Each record must be written out again exactly. Skip any picture it contains.
==== Records to use
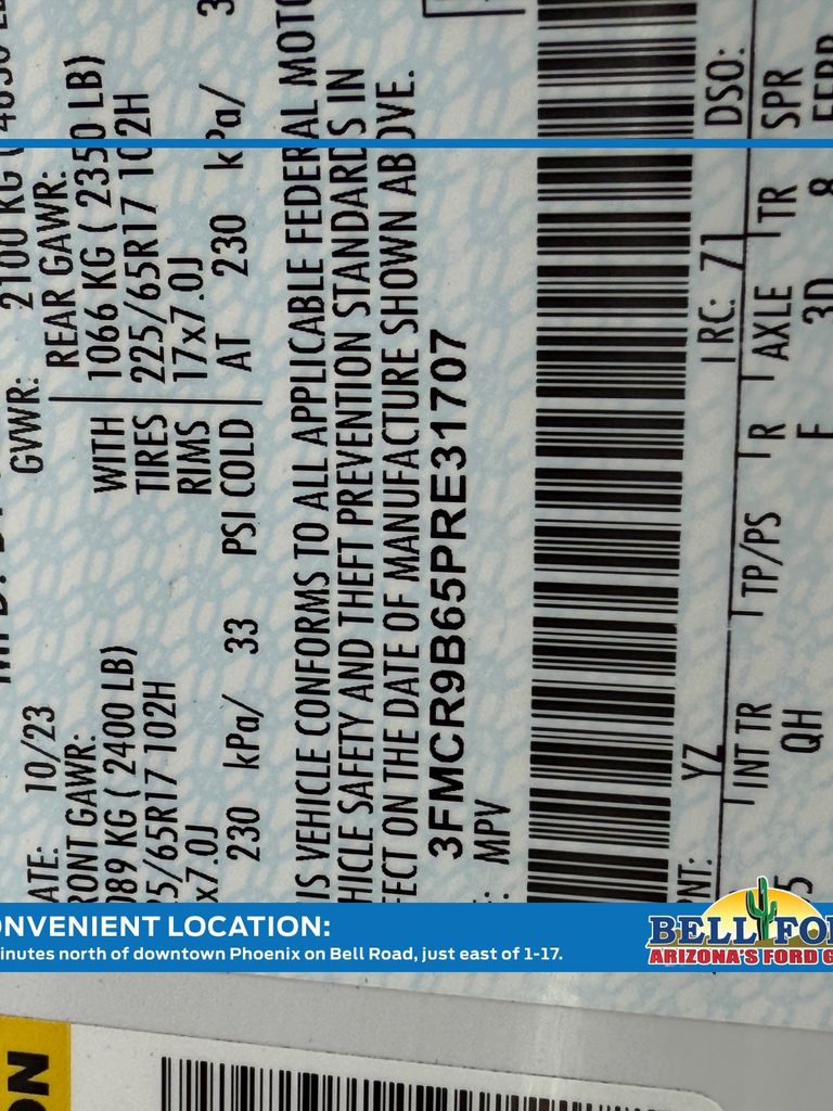 - VIN : 3FMCR9B65PRE31707
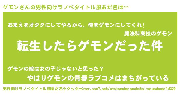 ゲモンさんの男性向けラノベタイトル風あだ名をツクッター!
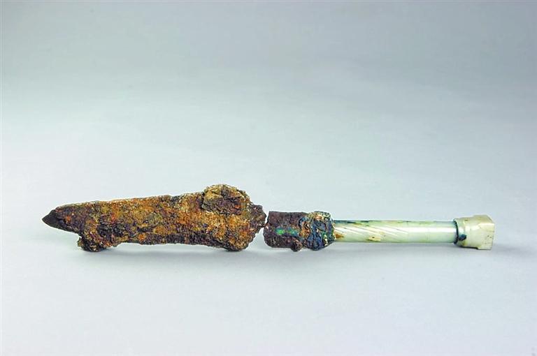 玉柄鐵劍出土于河南三門峽虢國國君虢季的墓葬,全長34.2厘米,其中劍柄長12.2厘米,劍身長22厘米。劍柄為銅芯,起到連接劍柄和劍身的作用,銅芯外鑲有晶瑩透亮的和田美玉和綠松石,并有精美的竹節(jié)飾紋,劍身和劍柄的結合處也鑲有綠松石。劍身經由北京科技大學冶金與材料史研究所鑒定,是由塊煉法鍛制而成,劍身外有絲織品包裹的痕跡,應當是被絲織品包裹后放入劍鞘。劍鞘則由牛皮精制而成。這把玉柄鐵劍不僅制作精美,而且其利用玉、銅、鐵三種材料制作而成,是我國目前考古發(fā)掘出土的年代最早的人工冶鐵制品。它將我國的人工冶鐵歷史推前了近兩個世紀,被專家們譽為“中華第一劍”。
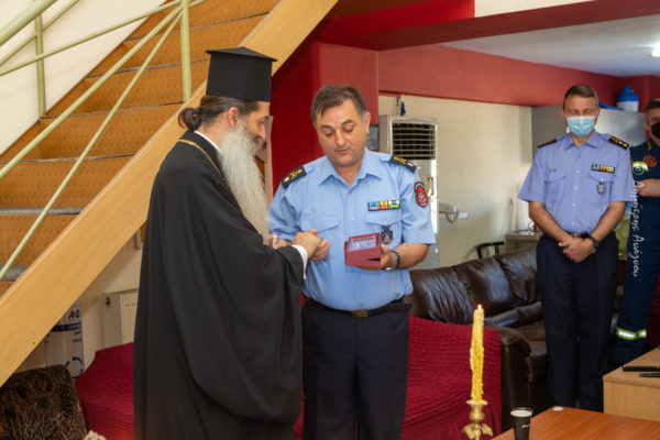 Τέλος, εκ μέρους της Πυροσβεστικής Υπηρεσίας Λαμίας απονεμήθηκαν στον Σεβασμιώτατο αναμνηστικά εις ένδειξιν τιμής και ευγνωμοσύνης προς το πρόσωπό του.
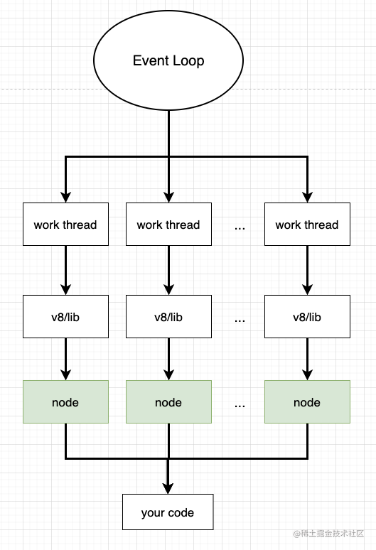 我们以前 Javascript 都是单线程然后利用一个事件循环队列(event loop)不断监听执行栈是否有函数进入。对于 worker_thread,其实可以理解为一个event loop中有多个 javascript 工作线程,创建一个线程相当于创建一个新的 js 执行环境。多线程的运行如下图
========
■ **Response**:
 - VIN : 3FMCR9B65PRE31707
 ゲモンさんの男性向けラノベタイトル風あだ名をツクッター!
 玉柄鐵劍出土于河南三門峽虢國國君虢季的墓葬,全長34.2厘米,其中劍柄長12.2厘米,劍身長22厘米。劍柄為銅芯,起到連接劍柄和劍身的作用,銅芯外鑲有晶瑩透亮的和田美玉和綠松石,并有精美的竹節(jié)飾紋,劍身和劍柄的結合處也鑲有綠松石。劍身經由北京科技大學冶金與材料史研究所鑒定,是由塊煉法鍛制而成,劍身外有絲織品包裹的痕跡,應當是被絲織品包裹后放入劍鞘。劍鞘則由牛皮精制而成。這把玉柄鐵劍不僅制作精美,而且其利用玉、銅、鐵三種材料制作而成,是我國目前考古發(fā)掘出土的年代最早的人工冶鐵制品。它將我國的人工冶鐵歷史推前了近兩個世紀,被專家們譽為“中華第一劍”。
 Τέλος, εκ μέρους της Πυροσβεστικής Υπηρεσίας Λαμίας απονεμήθηκαν στον Σεβασμιώτατο αναμνηστικά εις ένδειξιν τιμής και ευγνωμοσύνης προς το πρόσωπό του.
 我们以前 Javascript 都是单线程然后利用一个事件循环队列(event loop)不断监听执行栈是否有函数进入。对于 worker_thread,其实可以理解为一个event loop中有多个 javascript 工作线程,创建一个线程相当于创建一个新的 js 执行环境。多线程的运行如下图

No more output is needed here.